Archive for the ‘practices’ Category
In the post, Michael tells about a design he made, which he then handed over to a colleague for implementation, followed by regular reviews. The design (or a modification of it) had a problem that neither Michael nor his colleague did spot – until a bug was reported that was caused by the problem.
Michael’s argument for why he didn’t see the problem earlier hits spot on:
In one scenario, you’re a passive observer, highlighting obvious troublesome spots and talking about established facts. In the other, you’re actively involved in massaging the code, feeling the awkwardness, and hopefully sparking that part of your brain that’s responsible for solving the big mysterious of our time.
I, too, have made the experience that you need to be working on the code, writing the tests, calling the APIs in order to get that feeling that something really should be improved. That way, you get the feeling before it really hurts. Regular reviews can help, but can not replace that hands-on experience.
However, Michael comes to the conclusion that this example is not enough to justify having a pair programming factor of 100%:
[…] writing that part of the library took weeks. Fixing the design problem in an intense refactoring session took two days.
That point aroused my interest. Two days vs. two weeks. Of course, you’d rather spend two days for bug fixing than having both developers tied together for two weeks, right? Well, let’s see.
First, I’m asking myself, how much time was spent for reviews, communication, and support during those two weeks? In general, in scenarios where a lead developer creates a design implemented by another developer, what is the inherent pair factor, i.e. the percentage of time the two developers need to spend together anyway?
Of course, this depends on the level of skill as well as the coding and domain experience the implementing colleague has. As a matter of fact, I know that Michael’s colleague is a skilled person, but still, in my own experience, when one developer makes the design and another implements it, a lot of communication and a lot of thorough reviews are needed. And that takes a lot of time.
With that inherent pair factor defined, the next thing I’m asking is: if the two developers had worked on the feature together, would it really have taken two weeks to complete? In my experience, features tend to get solved much more quickly by pairs than by single developers. This is probably due to different factors, but for me personally, pair programming tends to raise my load factor because my peer forces me to avoid distractions more rigorously, and it improves my feature throughput because when I am forced to give in to a distraction, my peer can continue working on the feature. That both fills the time I’m distracted and avoids the time costs of the mental context switches involved with the distractions.
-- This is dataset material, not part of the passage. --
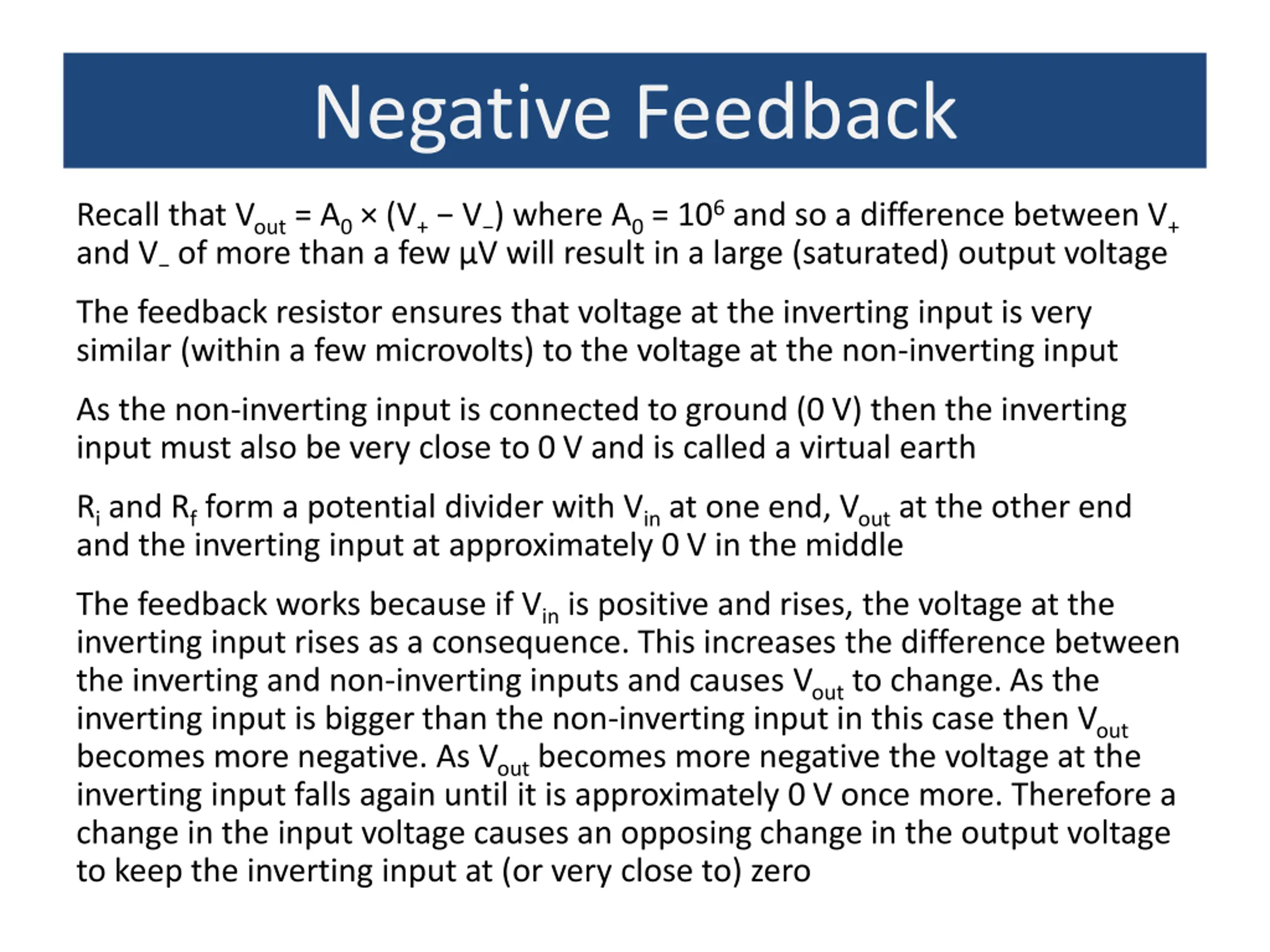 Negative Feedback Recall that Vout = A0 (V+ V ) where A0 = 106 and so a difference between V+ and V of more than a few V will result in a large (saturated) output voltage The feedback resistor ensures that voltage at the inverting input is very similar (within a few microvolts) to the voltage at the non-inverting input As the non-inverting input is connected to ground (0 V) then the inverting input must also be very close to 0 V and is called a virtual earth Ri and Rf form a potential divider with Vin at one end, Vout at the other end and the inverting input at approximately 0 V in the middle The feedback works because if Vin is positive and rises, the voltage at the inverting input rises as a consequence. This increases the difference between the inverting and non-inverting inputs and causes Vout to change. As the inverting input is bigger than the non-inverting input in this case then Vout becomes more negative. As Vout becomes more negative the voltage at the inverting input falls again until it is approximately 0 V once more. Therefore a change in the input voltage causes an opposing change in the output voltage to keep the inverting input at (or very close to) zero

Then, there is another well-known principle to consider: the longer a design problem exists in the code, the more expensive it will be to fix. There will inevitably be workarounds built around the problems, other code will come into existence making use of the problematic design, tests will be written based on the design, and so on. All of these make the problem harder to fix the older it is. In Michael’s specific case, a bug report informed the developers of the problem. I assume that bug report came from QA, which of course is much better than a bug report by a customer (which may cost you in terms of time, money, and reputation), but even so: the time spent by QA people for spotting, reproducing, documenting, and communicating the bug is significant and should not be ignored.
So, what’s my take on this? Let’s do 100% pair programming for everything?
Ideally, yes. Realistically, that’ won’t be possible. But let’s at least try to be fair when calculating the costs of not performing pair programming. In the face of the inherent pair factor, the lower feature throughput, and the growing costs of design and code problems over time, I think that a reasonable amount of pair programming is sensible. Even economically.